Just to be clear, he's spinning in the vmdaemon, not the pagedaemon. 
Nonetheless, I've patched the pagedaemon above because I argue that
we're issuing bogus wakeups to the vmdaemon.  (See the debugging patch
at the bottom of this message.)

Also, I'm not sure that I understand the relevance of the try lock
here.  In the pagedaemon, if the try lock fails, we always fall back to
a blocking lock acquire.  In other words, we're not skipping the
object's pages because the try lock fails.  We only skip the page if it
has moved from its original place in the inactive queue while we're
doing the unlock, relock dance.

However, if what you mean is that contention for the object locks could
slow the progress of the page daemon through the inactive queue, such
that it meets its target, but other CPUs have had long enough to
allocate pages so that vm_paging_target() is once again greater than 0,
then I agree.  The sheer size of the inactive queue (216GB) and the page
target could also be another factor here.

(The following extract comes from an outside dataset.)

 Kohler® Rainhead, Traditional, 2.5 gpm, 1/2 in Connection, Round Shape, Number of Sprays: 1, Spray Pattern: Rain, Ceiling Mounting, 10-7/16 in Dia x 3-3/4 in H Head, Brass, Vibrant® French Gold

Nonetheless, it's also worth considering that he has 26 GB of memory in
the active queue.  By the time we complete the active queue scan, again
the other CPUs have had plenty of time to allocate pages.  In other
words, another reason that vm_paging_target() could be greater than zero.

Basically, back in the days when the kernel was single-threaded, testing
"vm_paging_target() > 0" was a reasonable way of determining if the
inactive queue scan met its target.  However, now that we can have
people concurrently allocating pages, it's race-y.  Instead, for
determining whether to call vm_req_vmdaemon(VM_SWAP_NORMAL) we should
directly check if the inactive queue scan met its target.

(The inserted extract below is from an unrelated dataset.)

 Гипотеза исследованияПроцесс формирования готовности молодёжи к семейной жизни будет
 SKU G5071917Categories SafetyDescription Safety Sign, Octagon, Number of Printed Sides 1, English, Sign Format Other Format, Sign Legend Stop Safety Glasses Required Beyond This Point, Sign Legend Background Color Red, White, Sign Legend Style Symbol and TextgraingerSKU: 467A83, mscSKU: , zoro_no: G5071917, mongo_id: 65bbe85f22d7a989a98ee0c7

(I believe that another part of the explanation for why the call to
vm_req_vmdaemon(VM_SWAP_NORMAL) comes after the active queue scan and
not immediately after the inactive queue scan is that we would cache
pages from the active queue scan under certain circumstances.  That no
longer happens.)

I suspect that the changes that we made to the paging targets for 10.0
has also played a part in bringing this issue out into the daylight.

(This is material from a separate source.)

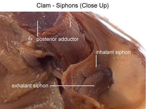 Locate two openings on the posterior end of the clam. The more ventral opening is the incurrent siphon that carries water into the clam and the more dorsal opening is the excurrent siphon where wastes & water leave. Clams will use the siphons to filter out materials in the water for food.

To conclude, the race here is not postgres-specific.  I ran a make -j7
buildworld on a machine with physmem configured to 1GB with the
following patch applied:

root at 108-254-203-201:/freebsd/base/head/sys # svn di -x -p
Index: vm/vm_pageout.c
===================================================================

--- vm/vm_pageout.c     (revision 270024)
+++ vm/vm_pageout.c     (working copy)
@@ -904,7 +904,7 @@ vm_pageout_scan(struct vm_domain *vmd, int pass)
        int act_delta, addl_page_shortage, deficit, maxscan, page_shortage;
        int vnodes_skipped = 0;
        int maxlaunder;
-       int lockmode;
+       int lockmode, inactive_shortage;
        boolean_t queues_locked;
 
        /*
@@ -1299,6 +1299,8 @@ relock_queues:
        }
        vm_pagequeue_unlock(pq);
 
+       inactive_shortage = page_shortage;
+
        /*
         * Compute the number of pages we want to try to move from the
         * active queue to the inactive queue.
@@ -1415,6 +1417,7 @@ relock_queues:
         * if we did not get enough free pages.
         */
        if (vm_paging_target() > 0) {
+printf("%d %d\n", inactive_shortage, vm_paging_target());
                if (vnodes_skipped && vm_page_count_min())
                        (void) speedup_syncer();
 #if !defined(NO_SWAPPING)

and I saw:

...
0 473
0 384
0 364
0 1522
0 1222
0 95
0 434
0 610
0 490
0 1033
0 499
0 1222
0 676
0 546
0 272
0 345
0 531
0 1064
0 1487
0 1619
0 1558
0 2494
0 601
0 343
0 381
0 1007
0 4393
0 4394
0 177
0 38
0 99
0 192
0 253
0 242
0 76
0 180
0 215
0 167
0 87
0 36
0 160
0 267
0 2198
0 231
0 2080
0 2309
0 2142
1021 3520
2525 4393
3735 3811
2786 4138
3323 4331
3203 4320
731 4258
0 224
0 126
53 140
3462 3752
0 885
0 1900
...

In other words, a lot of vmdaemon wakeups even though the inactive queue
scan cached/freed the desired number of pages.
 


> The fault fast path does not help there, since the object lock is
> still taken on fault, even readonly, which conflicts with the pagedaemon
> write lock mode.
>
> This is one of the reasons why I added MAP_SHARED_PHYS flag.